[DATA SUPPLIED]
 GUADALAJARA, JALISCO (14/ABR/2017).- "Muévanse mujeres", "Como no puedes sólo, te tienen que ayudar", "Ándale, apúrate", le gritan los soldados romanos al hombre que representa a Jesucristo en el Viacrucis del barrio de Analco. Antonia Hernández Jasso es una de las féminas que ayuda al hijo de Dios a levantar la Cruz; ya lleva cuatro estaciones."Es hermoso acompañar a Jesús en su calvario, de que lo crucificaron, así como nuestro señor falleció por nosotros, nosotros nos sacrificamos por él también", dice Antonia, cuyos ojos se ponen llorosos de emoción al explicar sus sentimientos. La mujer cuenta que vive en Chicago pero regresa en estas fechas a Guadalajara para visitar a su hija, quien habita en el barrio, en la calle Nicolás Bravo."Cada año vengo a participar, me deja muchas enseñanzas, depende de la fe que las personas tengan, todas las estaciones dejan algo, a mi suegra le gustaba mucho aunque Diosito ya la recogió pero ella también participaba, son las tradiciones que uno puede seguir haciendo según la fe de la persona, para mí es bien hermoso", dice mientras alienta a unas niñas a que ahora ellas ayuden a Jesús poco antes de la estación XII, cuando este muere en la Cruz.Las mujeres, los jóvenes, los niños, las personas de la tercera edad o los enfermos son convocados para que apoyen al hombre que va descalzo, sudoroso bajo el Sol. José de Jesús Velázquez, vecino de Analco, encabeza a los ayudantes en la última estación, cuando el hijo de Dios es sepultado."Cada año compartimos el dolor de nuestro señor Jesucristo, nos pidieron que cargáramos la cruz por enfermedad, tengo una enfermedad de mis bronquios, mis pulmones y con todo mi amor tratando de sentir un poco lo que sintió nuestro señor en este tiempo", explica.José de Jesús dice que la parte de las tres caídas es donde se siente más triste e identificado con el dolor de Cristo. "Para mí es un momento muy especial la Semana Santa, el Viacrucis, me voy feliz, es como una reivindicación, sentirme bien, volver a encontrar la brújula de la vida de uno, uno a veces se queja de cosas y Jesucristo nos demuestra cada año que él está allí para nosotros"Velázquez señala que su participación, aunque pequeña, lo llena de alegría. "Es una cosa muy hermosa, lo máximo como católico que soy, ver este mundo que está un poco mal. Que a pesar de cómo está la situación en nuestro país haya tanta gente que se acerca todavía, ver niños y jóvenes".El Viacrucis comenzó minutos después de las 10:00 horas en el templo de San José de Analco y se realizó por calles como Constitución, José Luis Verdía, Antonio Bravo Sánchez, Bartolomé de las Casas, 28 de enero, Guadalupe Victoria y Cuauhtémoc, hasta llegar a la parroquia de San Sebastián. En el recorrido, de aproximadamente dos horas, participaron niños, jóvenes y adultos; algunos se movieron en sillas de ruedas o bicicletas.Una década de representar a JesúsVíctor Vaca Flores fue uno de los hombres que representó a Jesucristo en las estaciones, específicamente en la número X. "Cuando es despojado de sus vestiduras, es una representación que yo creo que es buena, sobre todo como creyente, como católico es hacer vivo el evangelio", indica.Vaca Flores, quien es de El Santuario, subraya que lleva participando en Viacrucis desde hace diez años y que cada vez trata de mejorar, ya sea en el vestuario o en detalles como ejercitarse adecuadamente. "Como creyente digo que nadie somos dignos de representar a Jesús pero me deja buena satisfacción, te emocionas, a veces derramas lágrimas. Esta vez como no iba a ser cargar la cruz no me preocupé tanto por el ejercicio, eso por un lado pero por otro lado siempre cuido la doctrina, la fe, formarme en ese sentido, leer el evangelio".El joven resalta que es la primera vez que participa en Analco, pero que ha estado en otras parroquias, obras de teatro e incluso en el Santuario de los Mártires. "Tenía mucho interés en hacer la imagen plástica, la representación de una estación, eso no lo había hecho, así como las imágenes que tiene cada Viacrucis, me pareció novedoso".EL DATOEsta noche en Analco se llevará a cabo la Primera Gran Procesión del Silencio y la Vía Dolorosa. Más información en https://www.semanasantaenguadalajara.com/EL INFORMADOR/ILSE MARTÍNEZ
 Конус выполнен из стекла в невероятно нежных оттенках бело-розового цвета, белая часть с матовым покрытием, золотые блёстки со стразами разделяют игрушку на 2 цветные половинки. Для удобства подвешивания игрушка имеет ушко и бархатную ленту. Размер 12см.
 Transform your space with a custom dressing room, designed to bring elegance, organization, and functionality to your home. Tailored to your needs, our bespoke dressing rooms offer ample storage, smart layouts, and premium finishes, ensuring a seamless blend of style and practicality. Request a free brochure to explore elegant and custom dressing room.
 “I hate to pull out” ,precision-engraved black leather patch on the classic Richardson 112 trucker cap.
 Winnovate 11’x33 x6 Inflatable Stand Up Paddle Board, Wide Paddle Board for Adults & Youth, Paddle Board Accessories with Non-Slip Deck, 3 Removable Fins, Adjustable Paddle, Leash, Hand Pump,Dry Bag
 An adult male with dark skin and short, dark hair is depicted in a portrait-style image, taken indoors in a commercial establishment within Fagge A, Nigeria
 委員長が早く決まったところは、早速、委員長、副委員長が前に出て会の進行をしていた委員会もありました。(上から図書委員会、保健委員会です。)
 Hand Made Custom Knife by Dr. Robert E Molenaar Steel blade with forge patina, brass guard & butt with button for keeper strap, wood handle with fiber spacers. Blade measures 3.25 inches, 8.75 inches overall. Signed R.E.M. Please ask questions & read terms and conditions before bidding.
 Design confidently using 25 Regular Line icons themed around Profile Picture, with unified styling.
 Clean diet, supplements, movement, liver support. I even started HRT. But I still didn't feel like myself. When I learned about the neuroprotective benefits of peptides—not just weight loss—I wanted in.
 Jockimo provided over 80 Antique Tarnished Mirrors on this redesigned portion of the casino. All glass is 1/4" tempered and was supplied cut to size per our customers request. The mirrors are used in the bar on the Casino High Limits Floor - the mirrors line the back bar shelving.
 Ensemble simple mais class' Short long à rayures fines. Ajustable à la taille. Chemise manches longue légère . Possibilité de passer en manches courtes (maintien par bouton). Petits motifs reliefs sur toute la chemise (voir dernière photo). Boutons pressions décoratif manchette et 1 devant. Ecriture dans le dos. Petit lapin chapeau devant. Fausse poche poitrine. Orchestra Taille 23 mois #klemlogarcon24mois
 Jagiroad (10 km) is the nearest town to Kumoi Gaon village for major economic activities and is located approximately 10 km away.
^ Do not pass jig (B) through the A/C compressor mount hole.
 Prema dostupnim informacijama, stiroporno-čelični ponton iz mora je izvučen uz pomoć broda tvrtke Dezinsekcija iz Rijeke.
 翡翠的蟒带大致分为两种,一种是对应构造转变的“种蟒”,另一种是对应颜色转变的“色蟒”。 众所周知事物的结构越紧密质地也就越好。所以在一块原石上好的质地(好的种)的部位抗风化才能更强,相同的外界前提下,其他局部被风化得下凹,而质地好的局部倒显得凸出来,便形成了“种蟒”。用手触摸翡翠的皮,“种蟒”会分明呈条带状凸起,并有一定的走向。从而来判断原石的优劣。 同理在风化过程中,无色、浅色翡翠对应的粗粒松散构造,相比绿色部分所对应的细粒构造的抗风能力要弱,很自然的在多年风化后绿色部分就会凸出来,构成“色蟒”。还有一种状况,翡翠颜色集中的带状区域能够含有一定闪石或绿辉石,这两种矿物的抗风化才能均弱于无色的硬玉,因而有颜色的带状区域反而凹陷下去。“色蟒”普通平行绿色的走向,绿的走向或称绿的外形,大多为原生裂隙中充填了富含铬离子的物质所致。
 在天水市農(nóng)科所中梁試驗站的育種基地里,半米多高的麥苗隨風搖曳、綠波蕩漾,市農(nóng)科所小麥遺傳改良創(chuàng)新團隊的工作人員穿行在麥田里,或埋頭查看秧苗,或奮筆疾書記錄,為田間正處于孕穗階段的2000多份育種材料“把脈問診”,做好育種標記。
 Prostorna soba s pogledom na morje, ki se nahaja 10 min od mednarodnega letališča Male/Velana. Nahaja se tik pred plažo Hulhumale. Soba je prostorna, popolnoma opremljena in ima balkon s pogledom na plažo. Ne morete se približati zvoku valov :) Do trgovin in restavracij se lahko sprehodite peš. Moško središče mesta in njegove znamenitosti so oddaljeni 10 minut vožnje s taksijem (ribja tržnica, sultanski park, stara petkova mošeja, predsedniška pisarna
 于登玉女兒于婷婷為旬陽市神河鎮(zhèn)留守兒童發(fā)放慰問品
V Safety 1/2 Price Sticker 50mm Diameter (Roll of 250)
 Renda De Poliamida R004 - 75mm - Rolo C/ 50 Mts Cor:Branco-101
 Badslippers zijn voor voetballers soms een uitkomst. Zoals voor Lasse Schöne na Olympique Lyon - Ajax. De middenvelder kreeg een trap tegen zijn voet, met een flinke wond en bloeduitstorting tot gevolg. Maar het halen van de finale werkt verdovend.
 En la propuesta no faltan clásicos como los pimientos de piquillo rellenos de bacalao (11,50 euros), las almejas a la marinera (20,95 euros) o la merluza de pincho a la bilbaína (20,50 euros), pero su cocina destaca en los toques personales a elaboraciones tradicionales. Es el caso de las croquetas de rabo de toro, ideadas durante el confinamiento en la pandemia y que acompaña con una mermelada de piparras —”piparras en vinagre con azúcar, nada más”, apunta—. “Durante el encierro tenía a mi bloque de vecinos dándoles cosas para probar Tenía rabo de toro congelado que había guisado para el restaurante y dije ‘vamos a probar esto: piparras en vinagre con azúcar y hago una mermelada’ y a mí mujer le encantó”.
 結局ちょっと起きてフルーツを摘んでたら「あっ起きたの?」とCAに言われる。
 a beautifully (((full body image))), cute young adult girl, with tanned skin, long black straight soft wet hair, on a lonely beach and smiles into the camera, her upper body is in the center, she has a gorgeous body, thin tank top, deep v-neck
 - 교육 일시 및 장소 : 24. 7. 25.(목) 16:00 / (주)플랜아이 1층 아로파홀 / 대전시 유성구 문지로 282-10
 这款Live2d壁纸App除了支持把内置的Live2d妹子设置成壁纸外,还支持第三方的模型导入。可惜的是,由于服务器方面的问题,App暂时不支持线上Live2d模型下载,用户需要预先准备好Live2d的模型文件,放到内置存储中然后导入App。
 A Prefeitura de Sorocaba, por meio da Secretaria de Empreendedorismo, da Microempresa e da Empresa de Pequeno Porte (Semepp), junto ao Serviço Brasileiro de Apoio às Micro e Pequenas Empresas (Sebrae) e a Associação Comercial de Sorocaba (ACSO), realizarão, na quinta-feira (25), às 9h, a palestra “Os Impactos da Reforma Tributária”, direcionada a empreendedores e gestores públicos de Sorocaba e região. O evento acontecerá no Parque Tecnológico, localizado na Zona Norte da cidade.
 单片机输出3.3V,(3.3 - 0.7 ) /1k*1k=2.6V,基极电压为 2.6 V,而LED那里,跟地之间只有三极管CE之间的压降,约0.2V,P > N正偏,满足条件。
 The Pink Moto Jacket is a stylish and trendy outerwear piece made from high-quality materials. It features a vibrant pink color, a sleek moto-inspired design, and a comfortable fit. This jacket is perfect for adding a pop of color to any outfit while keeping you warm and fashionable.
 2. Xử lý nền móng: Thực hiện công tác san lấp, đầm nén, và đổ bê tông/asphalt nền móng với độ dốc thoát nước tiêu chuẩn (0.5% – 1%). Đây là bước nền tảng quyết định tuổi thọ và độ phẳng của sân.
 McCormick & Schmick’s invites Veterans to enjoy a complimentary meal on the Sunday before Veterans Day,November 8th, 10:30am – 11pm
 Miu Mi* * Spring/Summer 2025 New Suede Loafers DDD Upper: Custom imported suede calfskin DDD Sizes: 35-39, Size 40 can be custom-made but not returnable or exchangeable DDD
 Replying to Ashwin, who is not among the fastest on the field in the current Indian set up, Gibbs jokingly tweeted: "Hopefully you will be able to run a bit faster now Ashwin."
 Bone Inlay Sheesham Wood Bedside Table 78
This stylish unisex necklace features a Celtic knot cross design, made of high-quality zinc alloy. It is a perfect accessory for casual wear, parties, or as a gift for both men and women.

[ACTIVITY] From the records above, print exactly the lines that run from the line with "Winnovate 11’x33 x6" to the line with "Clean diet, supplements, movement, liver", inclusive.

[OUTPUT FOR THIS TASK]
 Winnovate 11’x33 x6 Inflatable Stand Up Paddle Board, Wide Paddle Board for Adults & Youth, Paddle Board Accessories with Non-Slip Deck, 3 Removable Fins, Adjustable Paddle, Leash, Hand Pump,Dry Bag
 An adult male with dark skin and short, dark hair is depicted in a portrait-style image, taken indoors in a commercial establishment within Fagge A, Nigeria
 委員長が早く決まったところは、早速、委員長、副委員長が前に出て会の進行をしていた委員会もありました。(上から図書委員会、保健委員会です。)
 Hand Made Custom Knife by Dr. Robert E Molenaar Steel blade with forge patina, brass guard & butt with button for keeper strap, wood handle with fiber spacers. Blade measures 3.25 inches, 8.75 inches overall. Signed R.E.M. Please ask questions & read terms and conditions before bidding.
 Design confidently using 25 Regular Line icons themed around Profile Picture, with unified styling.
 Clean diet, supplements, movement, liver support. I even started HRT. But I still didn't feel like myself. When I learned about the neuroprotective benefits of peptides—not just weight loss—I wanted in.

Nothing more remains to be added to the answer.